En effet, il existe plusieurs caps payants à passer, dans l'instruction de cette technique mentale, avant d'arriver au grade supérieur ... La secte aide ses adeptes à obtenir des prêts qui, accumulés, ruinent peu à peu la personne». Scénario confirmé par M. Von Niederhausem, inspecteur principal de la Sûreté: «L'Eglise fait signer des reconnaissances de dettes en blanc auprès d'une banque à Berne qui octroie les prêts».
 
Un autre témoin, le diacre protestant Paul Ranc, déclare que «les électromètres, appareil électrique utilisé par les scientologues pour les audits, sont vendus par la secte entre 15'000 (10'000 euros) et 30'000 francs, alors qu'ils coûtent 1000 francs à la fabrication».
 
Le rapport fait aussi état des «manipulations mentales» et des «pseudo­psychanalyses» qui «conduisent les adeptes à l'état d'angoisse, jusqu'à en faire des robots». Et les «odieuses pratiques de racolage qui ressemblent à celles des dealers», selon le député médecin Andréas Saurer, dont la fille et une amie ont été abordées dans la rue par un scientologue (voir son témoignage dans nos éditions du 3 octobre).
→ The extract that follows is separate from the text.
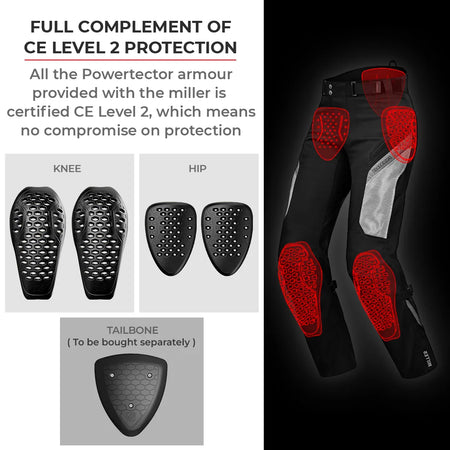 The PowerTector CE level 2 armor for knees (Type B) and hip offer exceptional protection, while the strong and durable 600D woven fabric in impact areas provides additional abrasion resistance. The pants are designed keeping ergonomics in mind, and feature pre-curved knees with stretch in the crotch area to provide optimal comfort while riding. In addition, the pants have strategically placed reflectives that enhance visibility and safety in low-light conditions.

Ce Monsieur n'est autre qu'un professeur de gymnastique au CEPIA !

60 sectes à Genève!
 
Le rapport signale qu'il existe environ 60 sectes différentes à Genève, mais que, selon M. Ranc, «la Scientologie est la plus dangereuse de toutes». La commission a aussi auditionné des scientologues qui, comme Mme Montangero de Lausanne, réfutent ces accusations : «L'histoire démontre que tous les précurseurs de nouvelles religions ont été traqués au début». Tout en reconnaissant que les cours de scientologie sont onéreux, Mme Montangero récuse la définition de «secte poursuivant le culte de l'argent» donnée par le Tribunal fédéral dans un arrêt relatif à une plainte de l'«Eglise» de Lausanne contre un article du Reader's Digest. Pour elle, les psychiatres sont les pires ennemis de la scientologie, «parce qu'on y découvre beaucoup sur soi-même».
 
Preuve en est ce texte du fondateur de la scientologie, cité par la commission : «maintenant nous en savons plus sur la psychiatrie que les psychiatres eux­mêmes. Nous pouvons faire un lavage de cerveau plus vite que les Russes (en 20 secondes nous obtenons une amnésie totale, contre trois années nécessaires pour rendre la loyauté à quelqu'un légèrement confus».
 
Mais, selon Mme Montangero, cet écrit, comme tous les autres cités par la commission, ont été annulés depuis longtemps.